Fokus auf Deep-Tech Unternehmen

Mit dem Scaleup Europe Fund will die Europäische Union den Mangel an großvolumigen Finanzierungen für Europas Deep-Tech-Unternehmen in kritischen Wachstumsphasen bekämpfen. Der fünf-Milliarden-Euro-Fonds richtet sich an strategische Technologien in den Bereichen Künstliche Intelligenz, Quantentechnologien, Halbleitertechnologien, Robotik und autonome Systeme, Energietechnologien, Weltraumtechnologien, Biotechnologien, Medizintechnologien, fortschrittliche Materialien und Agrartechnologie.

Nach der offiziellen Vorstellung des Fonds auf dem EIC-Summit am 3. Juni 2026 wird nun die rechtliche Finalisierung vorangetrieben, die ersten Investments seien für Herbst 2026 geplant.

EQT als Manager des Fünf-Milliarden-Euro-Fonds

Der Europäische Innovationsrat hat die schwedische Beteiligungsgesellschaft EQT nach einem wettbewerbsintensiven Auswahlverfahren als Fondsmanager für den Scaleup Europe Fund ausgewählt. Getragen wird das Projekt von einer Koalition aus der Europäischen Kommission und namhaften europäischen Gründungsinvestoren, darunter Novo Holdings, EIFO, CriteriaCaixa, Santander/Mouro Capital, Allianz sowie dem niederländischen Pensionsfonds ABP. Der Fonds ist unter dem bestehenden EIC-Dach angesiedelt, wird jedoch von EQT vollständig privat und marktbasiert geführt, um unabhängige Investitionsentscheidungen zu garantieren, heißt es.

Paneldiskussion beim EIC „Die Finanzierung von Europas Zukunft: Erschließung institutionellen Kapitals für Innovationen“. (c) Lumentio/European Union, 1995-2026

„Es fehlt an Kapital in Europa“

In einer Paneldiskussion am EIC vom vierten Juni hebt Zaharieva die Wettbewerbsfähigkeit Europas hervor.
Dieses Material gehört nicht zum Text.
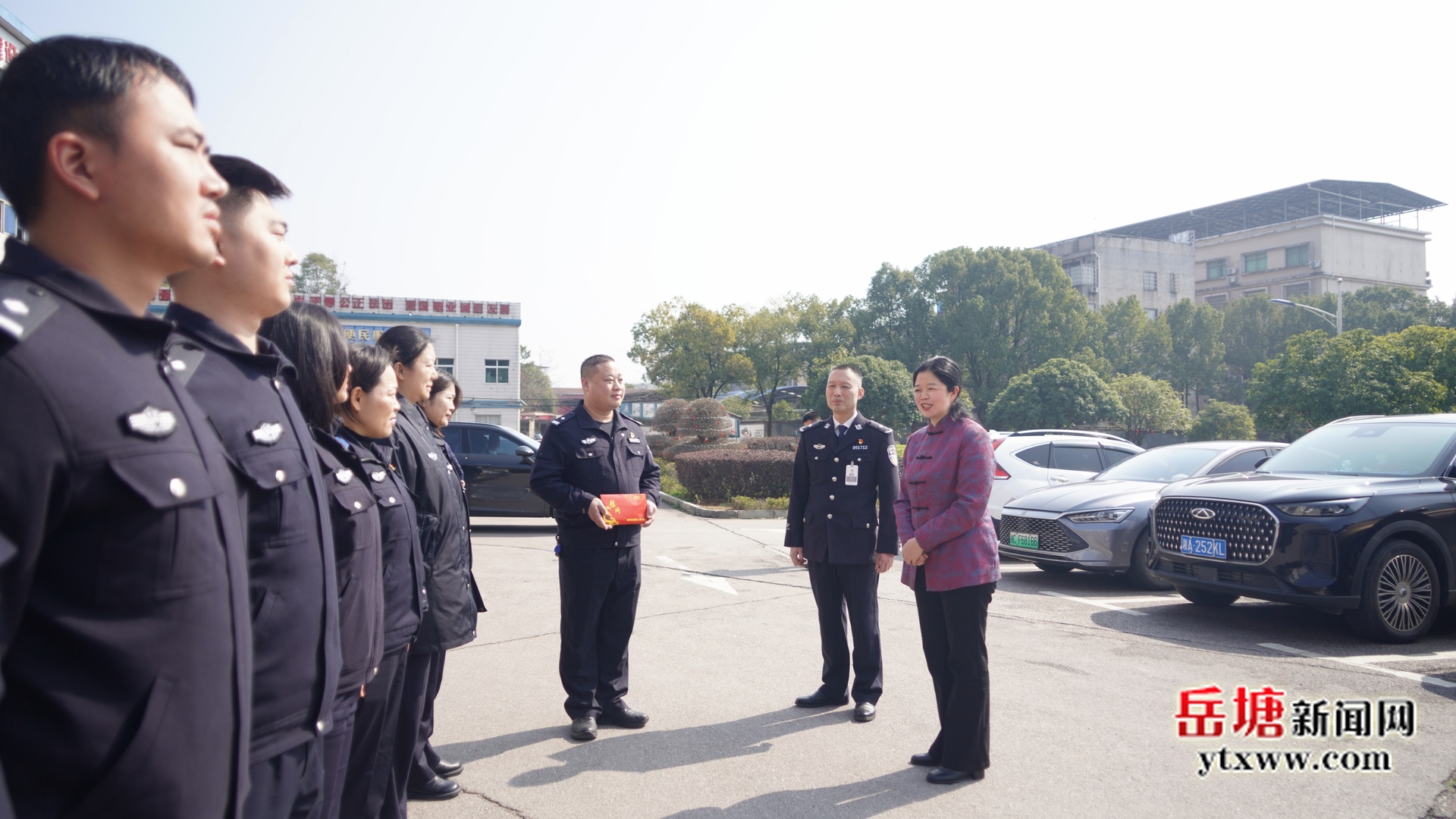 “大家辛苦了!”在岳塘交警大队、五里堆派出所、双马派出所、板塘快警站,周赏玲慰问了基层干警,感谢他们始终坚守岗位,为社会的安定、人民的安宁舍小家为大家。周赏玲勉励大家忠诚履职、主动担当,为维护全区社会稳定大局再立新功。

Europa sei demnach der weltweit beste Ort für Wissenschaftler:innen und biete sehr gute Unterstützung in der frühen Gründungsphase. Das Problem entstehe erst, wenn Unternehmen global wachsen wollen: „Wenn Unternehmen bereit sind zu wachsen und global zu werden, fehlt es uns in Europa immer noch an Kapital.“

Dabei liege das Problem laut Zaharieva keineswegs an einem Mangel an finanziellen Mitteln, da Europa ein überaus reicher Kontinent sei. Das Problem liege vielmehr in der Mobilisierung des Kapitals: Würden europäische Pensionsfonds nur einen ähnlich großen Anteil in Wagniskapital (VC) investieren wie ihre US-amerikanischen Pendants, könnten in den nächsten Jahren rund 250 Milliarden Euro in das System fließen. Dieses Kapital würde ausreichen, um vielversprechenden Unternehmen die Skalierung und den globalen Durchbruch direkt aus Europa heraus zu ermöglichen.

Um das Potenzial freizusetzen, müssten EU-Kommission, EIB und institutionelle Investoren an einem Strang ziehen. Neben Talenten und Wissenschaftler:innen verfüge Europa über eine enorm stark etablierte Industrie und große Konzerne, was „ebenfalls eine sehr wichtige Zutat für das Wachstum und die Skalierung dieser Technologieunternehmen“ sei.